Use semantic web technologies to expose metadata and structure of information to link data on recovery.gov with information shared through data.gov. 

The first level win is to accelerate the process of providing raw data, via a RSS feed. This implies a restful API plus providing definition of the data elements and structure so that people know what they are getting. Semantic web technologies are preferable to XML and microformats for this because they are designed to share and expose definitions of tags as well as data, and to map different sets of tags (i.e., schemas or ontologies) with eachother

The second level win is to provide a solution for semantic publishing of information (e.g. data, text, tables, graphics, imagery) tagged and linked for both human and machine interpretation. For example, the Statistical Abstract is a report, well curated, and with a lot of data tables, etc. and also, well thought out metadata, and statistical methodologies about how the data are derived, etc. Making information in recovery.gov and data.gov available for both human and machine processing / interpretation implies being able to expose the concepts and structure of the different kinds of information linked to an underlying ontology. First step might be to post the content in a web 2.0 wiki and upload documents and data sets for downloading. The next step would be to expose the structure / semantics of this information using semantic web technologies. Plus, it is always wise to engage the people who publish the information to help with the modeling. All doable today.

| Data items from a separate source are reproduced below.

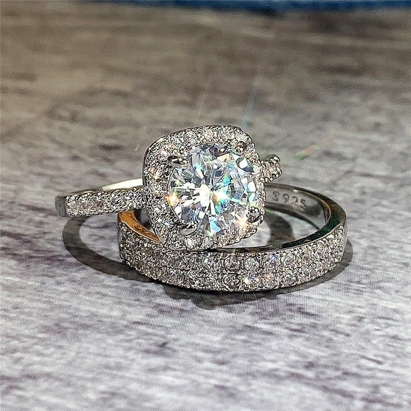 Why Choose Fashion 18K White Gold Plated Bright cut Bridal Wedding Ring Set Jewelry Gifts Cubic Zirconia Two-in-One Halo Engagement Promise Eternity Ring Set(7)?
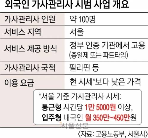 외국인 가사관리사를 둘러싼 국내 이슈 중 하나는 이용 요금이다. 시세보다 낮은 가격으로 서비스를 제공하는 방안이 추진된다.
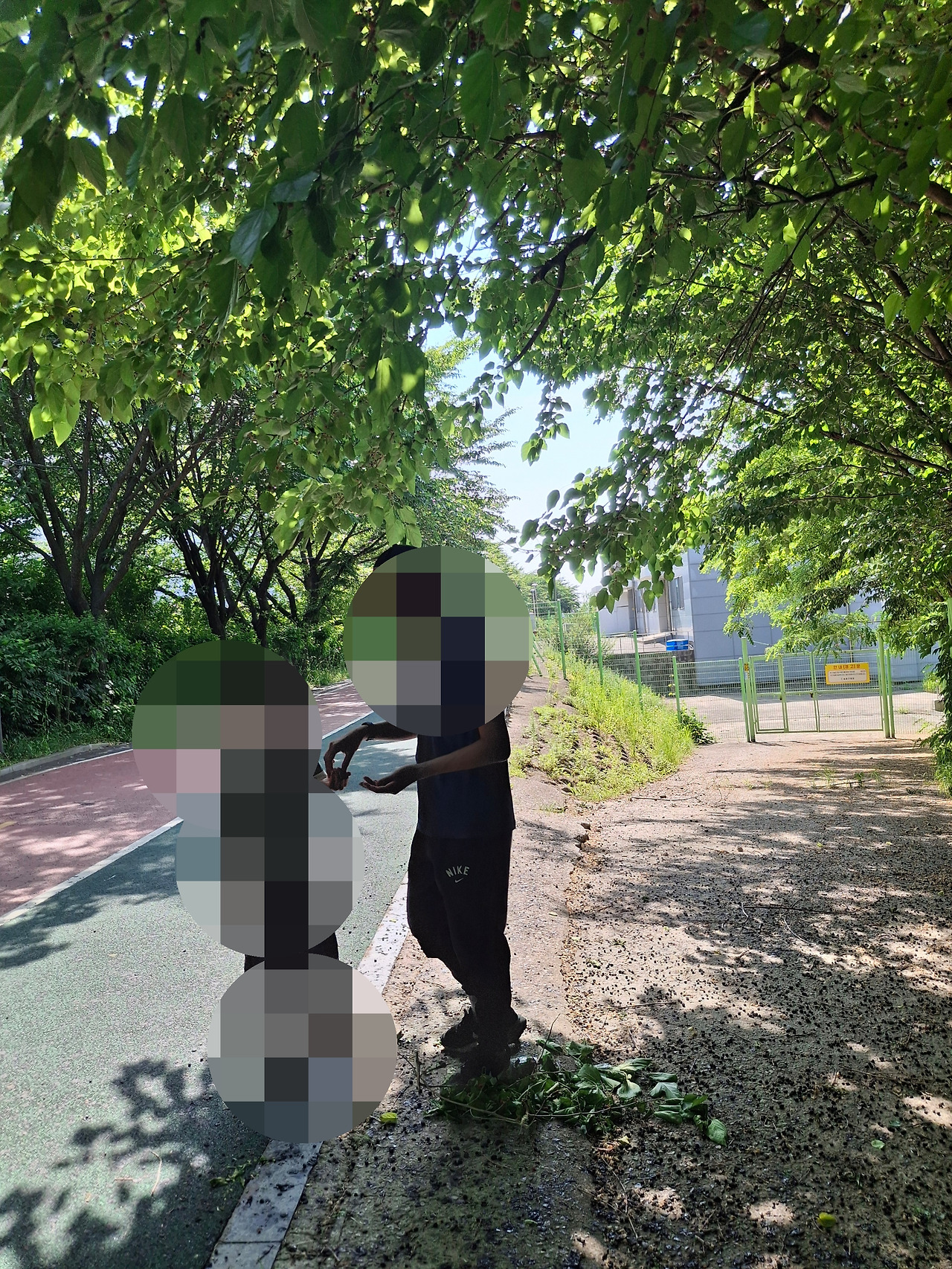 무심히 지나치는 사람들과 달리 못 지나가고 다닥다닥 붙어서 신나게 따먹는 저희 아이들.
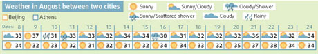 Between August 8 and 24 this year, the same period of the 2008 Olympics, the average day-time temperature was between 32 and 35 degrees Celsius, (89 to 95 Fahrenheit), or two to five degrees higher than previous years. The peak temperature of 37.3 degrees Celsius (99 F) on August 9 was a record high since August 1951.
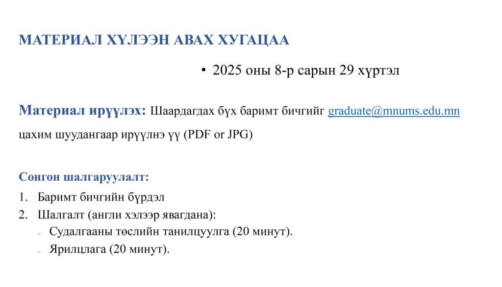 АШУҮИС-ийн багш, эмч нар материалаа 2025 оны 8 дугаар сарын 29-өдрийн 17:00 цагаас өмнө Эрдмийн сургуулийн graduate@mnums.edu.mn цахим шууданруу 1 PDF File болгон илгээнэ үү.
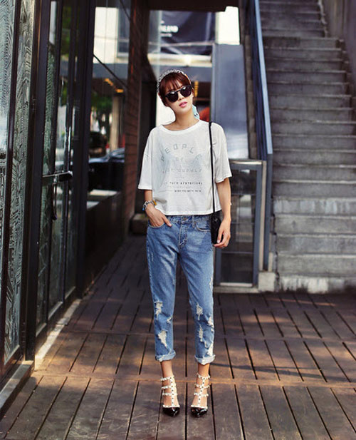 Quần jeans rách tưởng như là item chỉ hợp với phong cách đường phố bụi bặm nhưng nếu lựa chọn cẩn thận nhất là với những chiếc quần jeans rách nhẹ thì bạn hoàn toàn có thể mặc đi học hoặc thậm chí la đi làm đều được. (Tất nhiên bạn cũng không nên quá lạm dụng cách mix đồ này và môi trường học tập, làm việc của bạn tương đối thoải mái trong việc ăn mặc.)
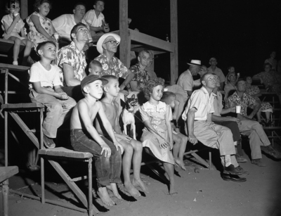 Shot of softball spectators on the bleachers at Sycamore Park. They seem to be looking up in the air. Spectators range from children, parents to grandparents.
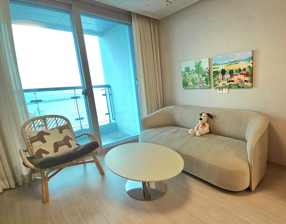 [오션정면뷰]눈뜨면바다1분!저상소파로안락함을주는!등대해변!포차거리! 힐링숙소!영랑호
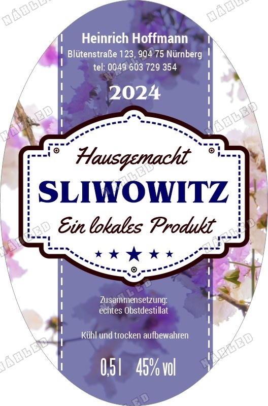 Etikett für die Metflasche. Das Etikett ist selbstklebend und hat das Format 61x90 mm. Das Etikett passen wir Ihrem Wunsch entsprechend a, ändern können Sie es mittels der Parameter - siehe oben. Diese Abänderungen geben Sie unentgeltlich im Detail eines jeden Etiketts ein.
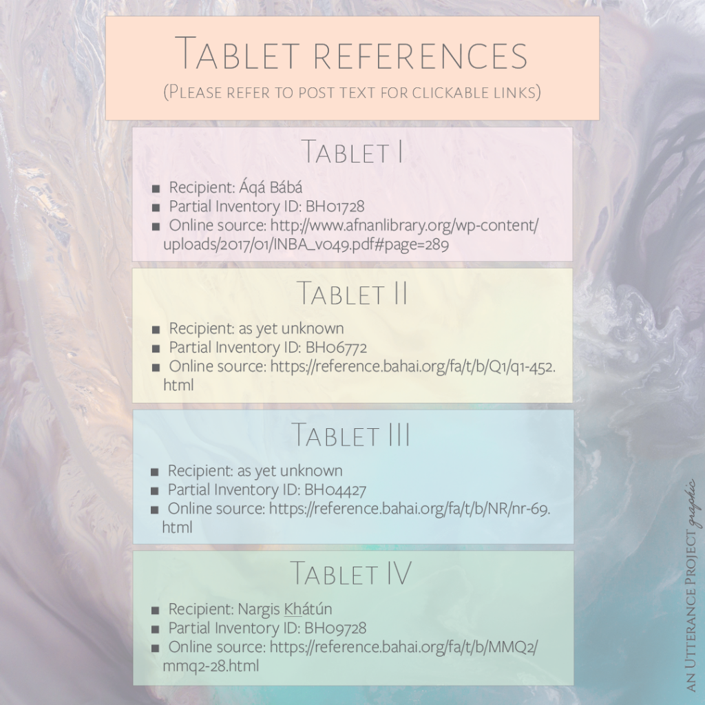 The clickable links referred to in the graphic below for the source of the original four Tablets of Bahá’u’lláh are listed below:
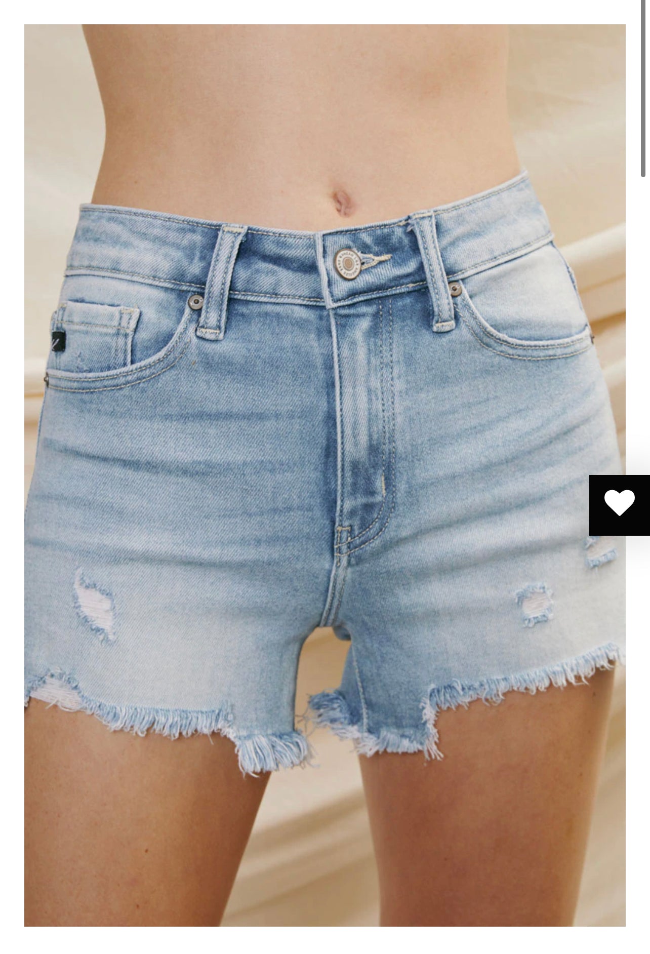 Hazel High Rise Shorts - Medium Wash - Shredded - Distressed
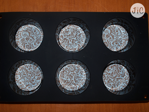 - Lo primero que hay que hacer es recortar círculos de la hoja de transfer del tamaño del fondo de la bandeja en la que vayamos a hacer estas galletas. Yo he utilizado una bandeja de muffins de silicona. El chocolate se despega perfectamente de la silicona.
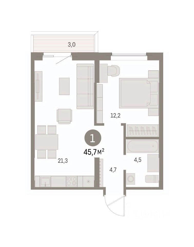 Однокомнатная квартира от застройщика с предчистовой отделкой в ЖК ''Дом Кино'' на 3 этаже. Общая площадь: 45.7 кв.м., жилая: 12.2 кв.м., площадь просторной кухни-гостиной: 21.3 кв.м. Все окна выходят на одну сторону. В квартире один балкон, один совмещенный санузел. Высота потолков 2.7 м.
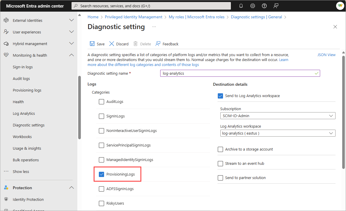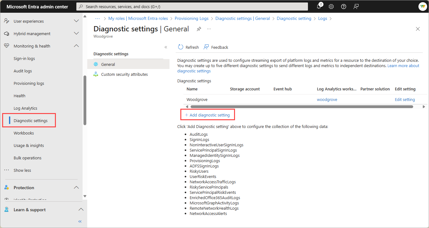 浏览到 Entra ID>监视和运行状况>诊断设置。
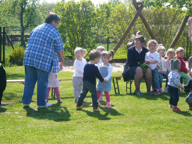 Как классно! Люблю такие штуки) я пока практику в садике проходила, попала как раз на Sommerfest. И я предложила выучить к нему новую песенку, месяц учили или полтора, про змеек "Eine kleine Schange wird früh am Morgen wach", мы деткам носки с глазками на руки шили. Понятно, что самые старшие ещё более-менее пели, а малышам уже змеек на руках хватало чтобы улыбаться)))
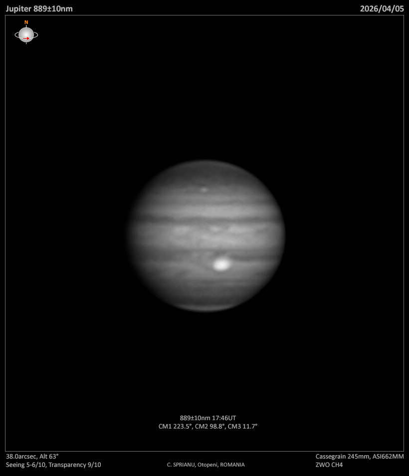 Jupiter in 5 aprilie, pe seeing variabil amestecat cu cateva scurte momente foarte bune.
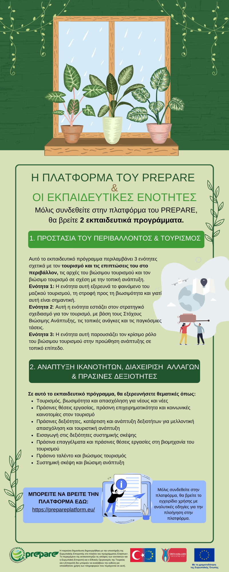 H πλατφόρμα ηλεκτρονικής μάθησης του Ευρωπαϊκού έργου «PREPARE: Προώθηση της προστασίας του περιβάλλοντος και της εκπαίδευσης για την κλιματική αλλαγή» (Promoting Environmental Protection and Learning on Climate Change) είναι τώρα διαθέσιμη online. Το εκπαιδευτικό πρόγραμμα περιλαμβάνει υλικό σχετικά με τον τουρισμό και τις επιπτώσεις του στο περιβάλλον, τις αρχές του βιώσιμου τουρισμού και τον βιώσιμο τουρισμό σε σχέση με την τοπική ανάπτυξη, καθώς και ενότητες σχετικά π ράσινες θέσεις εργασίας, πράσινη επιχειρηματικότητα και κοινωνικές καινοτομίες στον τουρισμό, πράσινες δεξιότητες, κατάρτιση και ανάπτυξη δεξιοτήτων για μελλοντική απασχόληση και τουριστική ανάπτυξη και πολλά ακόμη.
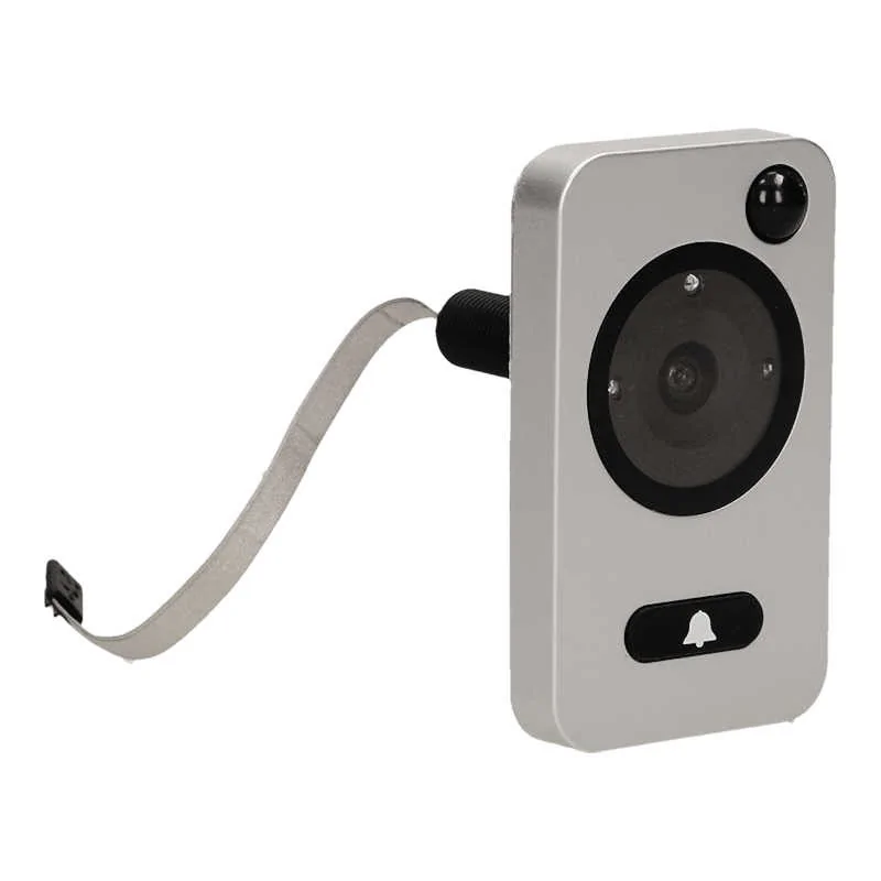 Srebrny elektroniczny wizjer do drzwi z czujnikiem ruchu, funkcją nagrywania na kartę micro SD oraz menu w 9 językach
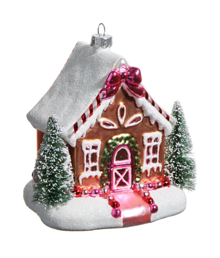 Ornement en verre, chalet en pain d'épice, mesure 5 pouces
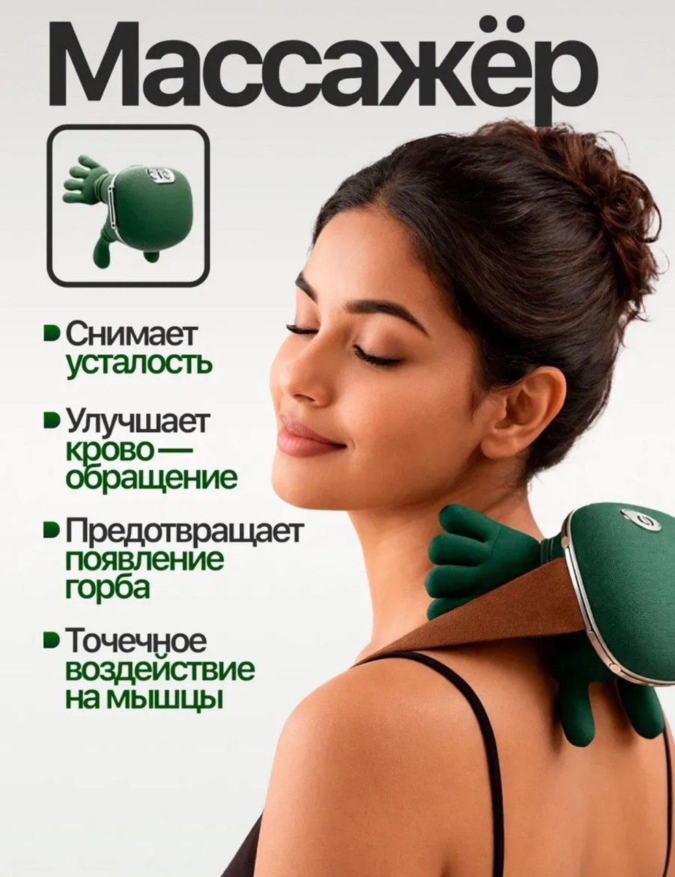 - Снимает усталость: Благодаря мягкому воздействию, массажёр помогает расслабиться после напряжённого рабочего дня, устраняя чувство тяжести и напряжения в мышцах.
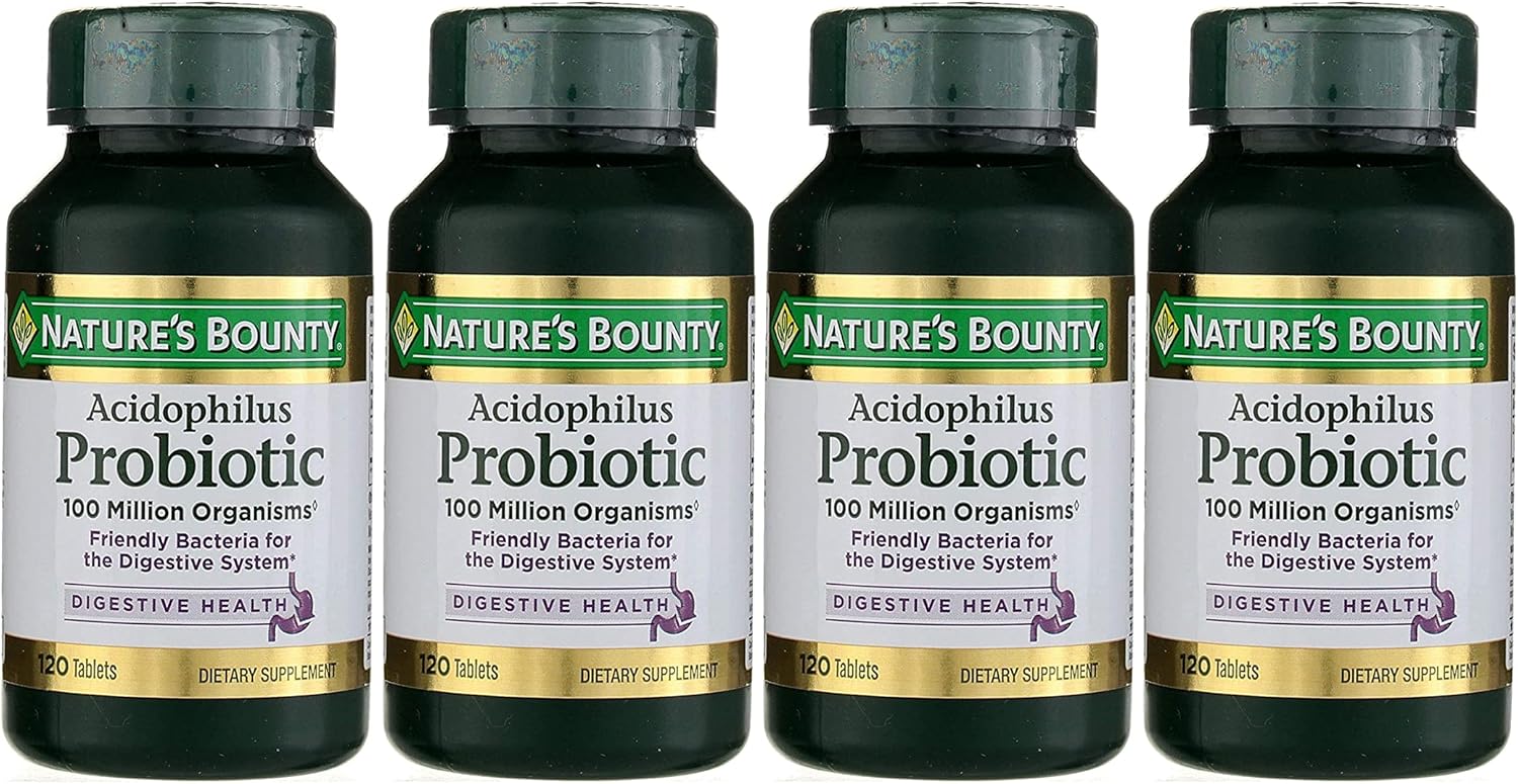 Price: $42.68 - $30.90(as of Feb 21, 2026 17:41:57 UTC – Details) Nature’s Bounty Acidophilus Probiotic provides friendly bacteria for the digestive system for overall well-being. (1) The supplement contains over 100 million active Lactobacillus Acidophilus cultures guaranteed through expiration. To provide your body with friendly bacteria, adults can take one tablet daily, preferably with a meal. (1) Nature’s Bounty Acidophilus Probiotic is gluten free, dairy free, wheat free, suitable for vegetarians, and contains no sodium, artificial flavors, or sweeteners. Each pack of one includes 120 tablets. (1) These statements have not been evaluated by the Food and Drug Administration. This product is not intended to diagnose, treat, cure or prevent any disease. Is Discontinued By Manufacturer : No Product Dimensions : 8 x 4 x 2.1 inches; 0.01 ounces Item model number : 82610 Date First Available : October 9, 2008 Manufacturer : Nature’s Bounty ASIN : B001G7QRZS Best Sellers Rank: #96,672 in Health & Household (See Top 100 in Health & Household) #430 in Acidophilus Nutritional Supplements Customer Reviews: 4.7 4.7 out of 5 stars (602) var dpAcrHasRegisteredArcLinkClickAction; P.when(‘A’, ‘ready’).execute(function(A) { if (dpAcrHasRegisteredArcLinkClickAction !== true) { dpAcrHasRegisteredArcLinkClickAction = true; A.declarative( ‘acrLink-click-metrics’, ‘click’, { “allowLinkDefault”: true }, function (event) { if (window.ue) { ue.count(“acrLinkClickCount”, (ue.count(“acrLinkClickCount”) || 0) + 1); } } ); } }); P.when(‘A’, ‘cf’).execute(function(A) { A.declarative(‘acrStarsLink-click-metrics’, ‘click’, { “allowLinkDefault” : true }, function(event){ if(window.ue) { ue.count(“acrStarsLinkWithPopoverClickCount”, (ue.count(“acrStarsLinkWithPopoverClickCount”) || 0) + 1); } }); }); 100 MILLION LACTOBACILLUS. Acidophilus is a friendly bacteria for the digestive system. Nature’s Bounty Probiotic Acidophilus contains over 100 million active Lactobacillus Acidophilus (including the naturally occurring metabolic product produced by Lactobacilli) at the time of manufacture.HEALTHY INGREDIENTS. No Artificial Color, No Artificial Flavor, No Artificial Sweetener, No Preservatives, No Sugar, No Starch, No Milk, No Lactose, No Soy, No Gluten, No Wheat, No Fish. Sodium Free. Post navigation One A Day Multivitamin for Women- Daily Vitamins for Woman with Biotin, Calcium, Folic Acid, Iron & Zinc, Complete Women’s Vitamins, 200 Ct (Packaging May Vary) Amazon Elements Omega 3-6-9 Complex of Fish, Flaxseed and Borage Oil – EPA & DHA Omega-3 fatty acids – 60 Softgels, 2 Month Supply
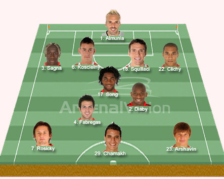 Judging by the current players missing, it looks as if Wenger has only one choice to make in his starting line up. He could go for the direct running and pace of Emmanuel Eboue, which would be the closest option to Theo Walcott or he could go with the in form Tomas Rosicky on the right of the attack. I believe that the fact that we are at home and that Rosicky’s form is very good will see our super Czech get the managers vote
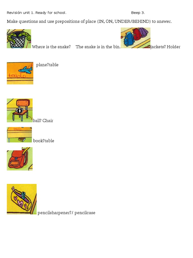 Make questions and use prepositions of place (IN, ON, UNDER/BEHIND) to answer.
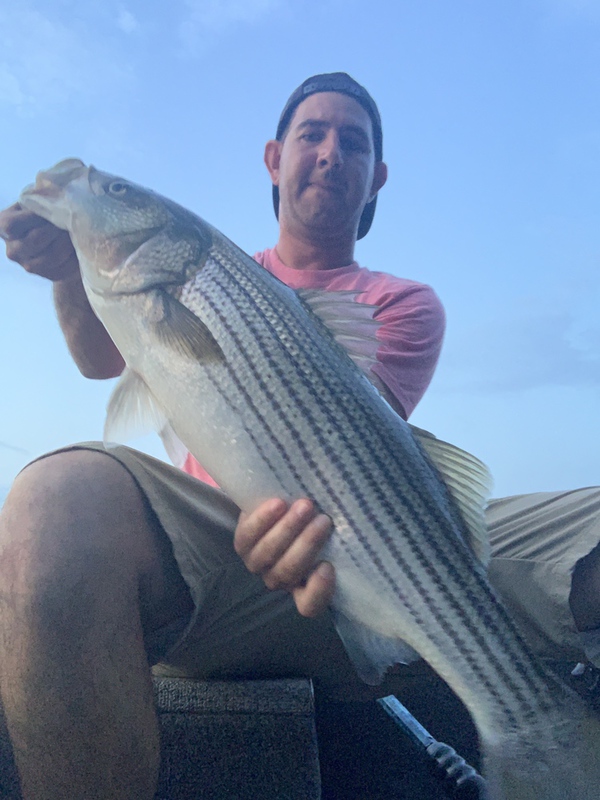 Nice stripers, all those pictures appear to be pure bred stripers rather than hybrids. I base my opinion on their long bodies and lack of broken stripes consistent ...more with actual striped bass and not hybrids. Either way, beautiful fish.

The third level win is to use semantic metadata and modeling to facilitate data mash-up of different information from different sources:

(a) In some cases this is relatively easy to do with web 2.0 techniques. Someone accesses a couple of RSS feeds, and combines these with other data and web services. The mash-up maker resolves any semantic issues as part of creating the mash-up.

(b) In other cases, a new use of information can take advantage of the curation and semantic data linkages that some agency, or other party has already provided and expressed as ontology, making it possible to establish user interface features that allow for do-it-yourself exploration and conversations with data.

(c) In still other cases, the alignment of concepts and resolution of intents, definitional and methodological issues across data will require additional effort.

Obviously, you go for the low hanging fruit first.

Why is it important?

We are moving into an era where we will expect to access and interrelate all information in the internet information by concepts, not just by artifacts and hard coded structures. While it is possible to use XML syntax to identify concepts in hierarchies, assuming we all use the same tags in the same way, this is not adequate for representing and reasoning over the diversity of structured data, documents, and web content. Simple solutions are great. But, we also need an approach that can scale, handle complexity, and can adapt and evolve easily as needs change. Semantic web technology provides a better choice for this. 

Submitted by millsdavis (Consulting) on Apr 28, 2009

This idea is now closed to further comments.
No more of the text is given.